Cause of AHC
Cause of Alternating Hemiplegia identified
Scientists discovered in 2012 that, in 75% of those affected, AHC is caused by specific mutations in the gene ATP1A3. Affected children usually have significant learning disabilities and motor organisational problems, including unsteadiness. Although there is a concern that these problems may increase with repeated episodes, the available evidence does not support this.
An international consortium of scientists, led jointly by researchers at UCL’s Institute of Neurology and Duke University, USA, has identified the specific genetic mutation that causes Alternating Hemiplegia, a rare neurological condition affecting an estimated one child in every million. Using the newest genetic technology, next-generation sequencing, the study published in Nature Genetics, showed that de novo mutations in the gene ATP1A3 cause the condition (de novo mutations are genetic mutations not present in the parents’ genes). This particular genetic mutation is present in 75% of those affected by AHC.

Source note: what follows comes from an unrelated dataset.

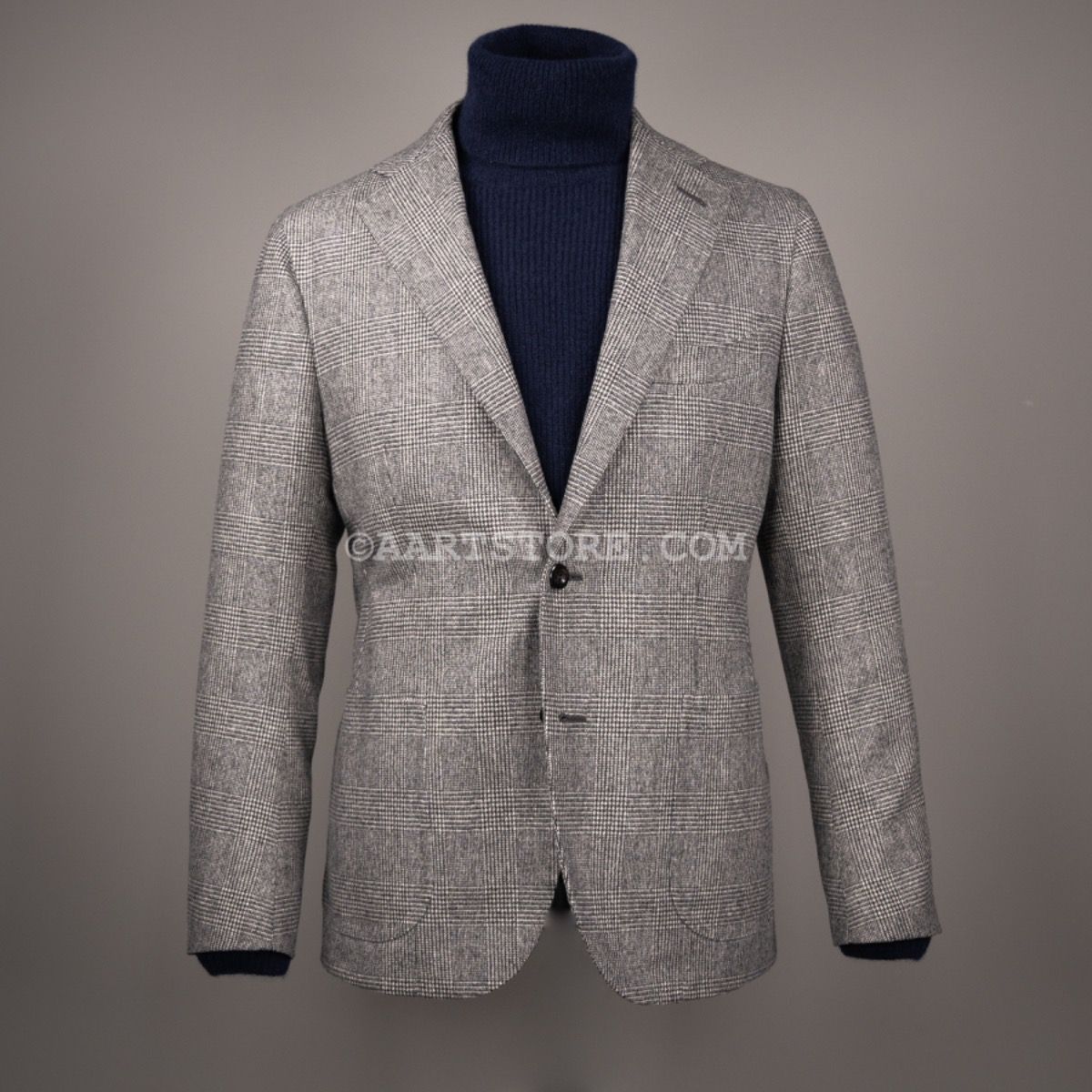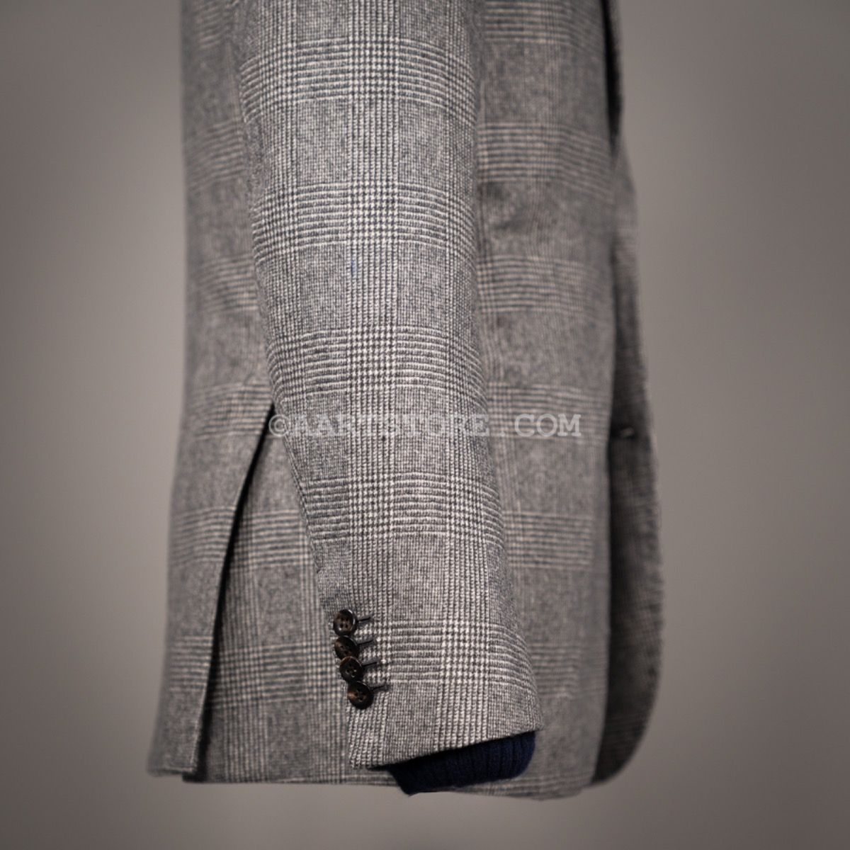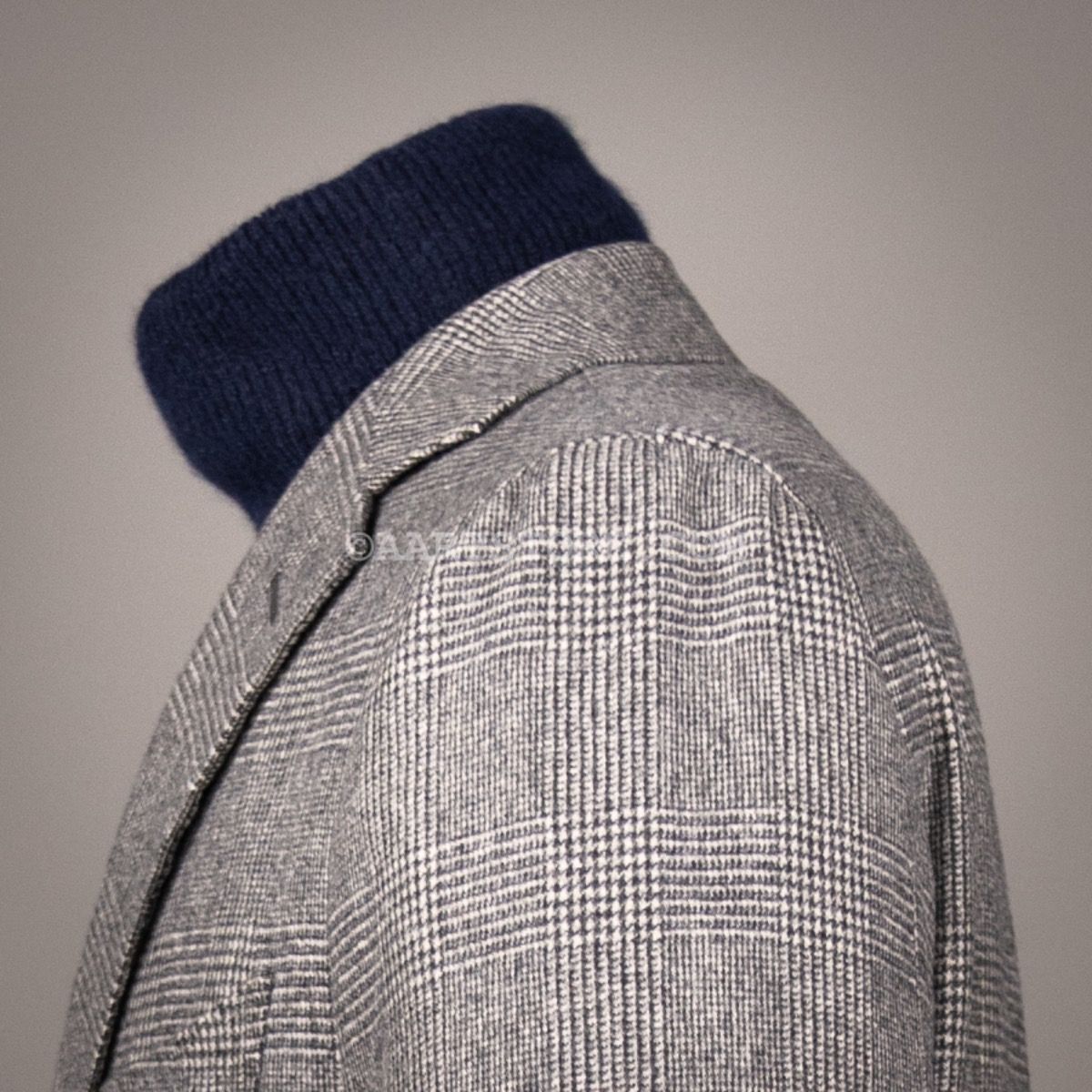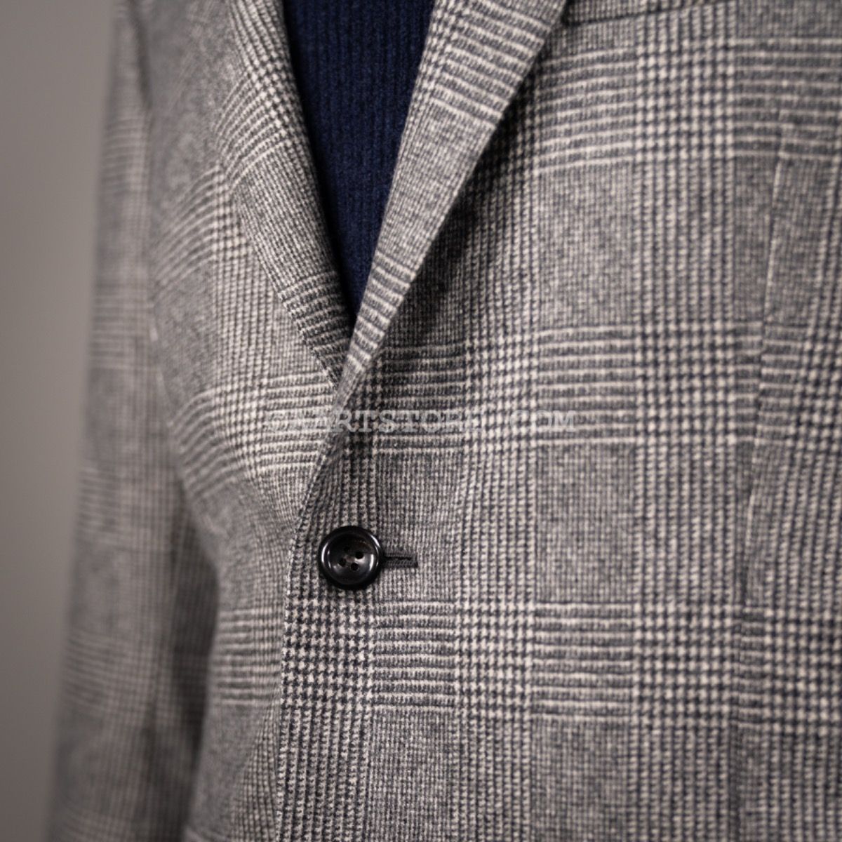 Saint Gregory is de belichaming van ware exclusiviteit. Dit is een heel kleine kleermakerij (8 man, minder dan vijfhonderd stuks per jaar) in Napels. Het is het geesteskind van Ennio Collaro Valente, een ware Napolitaan met die typische Zuid-Italiaanse smaak en manier van doen. Bij Saint Gregory maken ze alle jasjes en pakken in huis, volledig met de hand. Wij kennen eigenlijk geen mooier gemaakt product, zo veel vakmanschap en liefde in ieder stuk. Dit jasje doet denken aan de vervlogen hoogtijdagen van de Engelse mode. Deze Glenncheck was ook geliefd bij mannen als Edward de 8e, Prins Phillip en Lord Mountbatten, mannen met stijl en klasse. Zoals alle echte kleermakers is men bij Saint Gregory ook dol op Engelse stoffen, en daar komt dit doek dan ook vandaan: Fox Brothers, het beste dat het VK te bieden heeft. Dit prachtige jasje past perfect bij een corduroy of denim broek met een coltrui of denim shirt. Voor een stoere, noch elegante uitstraling.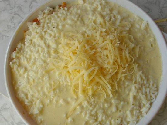 Fill the top with rice with fish and vegetables with cooked filling and sprinkle with grated cheese. We place the mold in the oven, preheated to 180 degrees. Cook the casserole for 35 minutes.

Alternating Hemiplegia is characterised by onset in infancy or childhood of episodes of weakness of one side of the body; later in the course of the disease, both sides may be affected at the same time. The weakness typically gets better, but reoccurs in the next episode. The symptoms can vary from child to child and from day to day. For many affected individuals, other symptoms also occur, including speech, swallowing, and behavioural problems. Intellectual difficulties, movement disorders and epilepsy can also occur. The variety of symptoms and signs, and their variation over time, can lead to delays in diagnosis, multiple tests and investigations, and sometimes use of inappropriate treatments. So far, no definitive diagnostic test has been available, and a rational understanding of the disease has not been possible.
This study paves the way for future rational treatments for the condition, through a better understanding of underlying disease mechanisms. Whilst this will take some time, the discovery will have a direct impact in enabling more rapid, specific diagnosis of the condition, preventing unnecessary tests and misdirected treatment.
Jill Bailey, from the UK Alternating Hemiplegia Support Group said:
“The discovery of the gene has given hope to parents whose lives are dominated by alternating hemiplegia. Our hope is that in the future a drug will be found that stops our children suffering these awful hemiplegic attacks. Our hope is that more money will be available for further research. Our hope is that our children will have a better life.”
The research was jointly led by Professor Sanjay Sisodiya at UCL and Professors David Goldstein and Mohamed Mikati at Duke University, and is published in Nature Genetics. The study was funded by several sources; Professor Sisodiya’s funding was from The Wellcome Trust.